President Barack Obama had rejected the project in 2015 with a legal declaration that the pipeline was not in the national interest. Environmental groups had opposed the project because it would ship heavy, dirty-burning Canadian oil to refineries.
The decision by the State Department was largely anticlimactic, as Trump had signaled his administration's intent to issue the permit in a presidential memorandum signed Jan. 24. That memo called on Transcanada to reapply for a permit and gave the State Department 60 days to review the application. That clock ran out Friday.
Transcanada President Russ Girling, appearing in the Oval Office with the president, used Trump-like language to describe the project.
"There's thousands of people ready and itching to get to work," he said. "We’re going to use the best technology. It’s going to create thousands of jobs."
But the project still faces legal hurdles in Nebraska, and Girling said the company was still seeking "the other necessary permits that we need."
"I'll call Nebraska," Trump said, adding praise for Gov. Pete Ricketts. "Pete is a fantastic governor. I'll call him today."
Trump had also directed the use of American-made steel in pipeline projects, but the White House has since said that won't apply to Keystone.

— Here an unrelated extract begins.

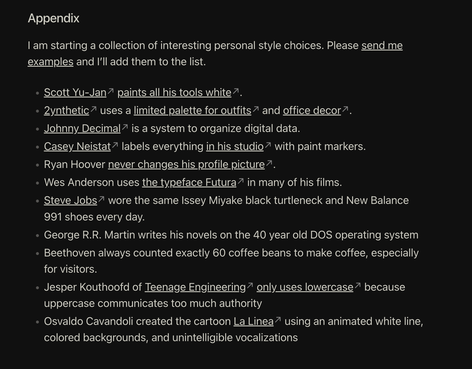 Steph Ango 舉了幾個他自己的風格準則給大家參考:

Environmental groups condemned the decision and promised to challenge it using "every tool in the kit."
"Keystone XL is all risk and no reward for the American people," said Rhea Suh, president of the Natural Resources Defense Council. "It remains, and always will be, a threat to our land, water and climate."
The State Department reversed its 2015 decision in a memo by Undersecretary of State for Political Affairs Thomas Shannon Jr., an Obama holdover. He said one of Obama's chief reasons for rejecting the permit — an attempt to show U.S. leadership on climate change ahead of the Paris agreements on greenhouse gas emissions — had become moot.

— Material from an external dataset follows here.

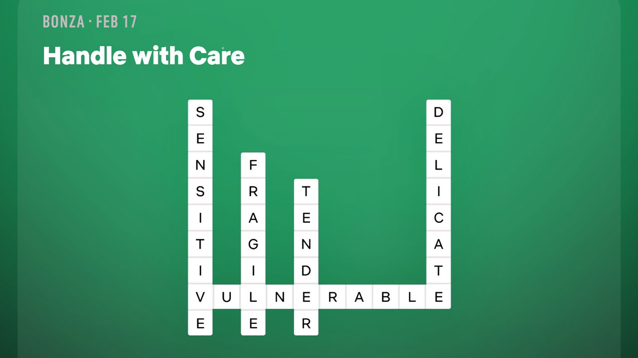 Сегодняшняя подсказка к головоломке Bonza — ‘Обращайтесь с осторожностью’. Это означает, что вы ищете слова, описывающие вещи, которые легко ломаются или с которыми нужно обращаться бережно. Найдите и соедините плитки, чтобы составить эти деликатные слова!

"Since then, there have been numerous developments related to global action to address climate change, including announcements by many countries of their plans to do so. In this changed global context, a decision to approve this proposed project at this time would not undermine U.S. objectives in this area," Shannon wrote in justifying the reversal. "Moreover, a decision to approve this proposed project would support U.S. priorities relating to energy security, economic development, and infrastructure."
Shannon said volatility in oil production had also increased since 2015, "largely attributable to political instability and manipulative market tactics on the part of OPEC," the international oil cartel. But he also noted that the project is unlikely to have any meaningful effect on fuel prices.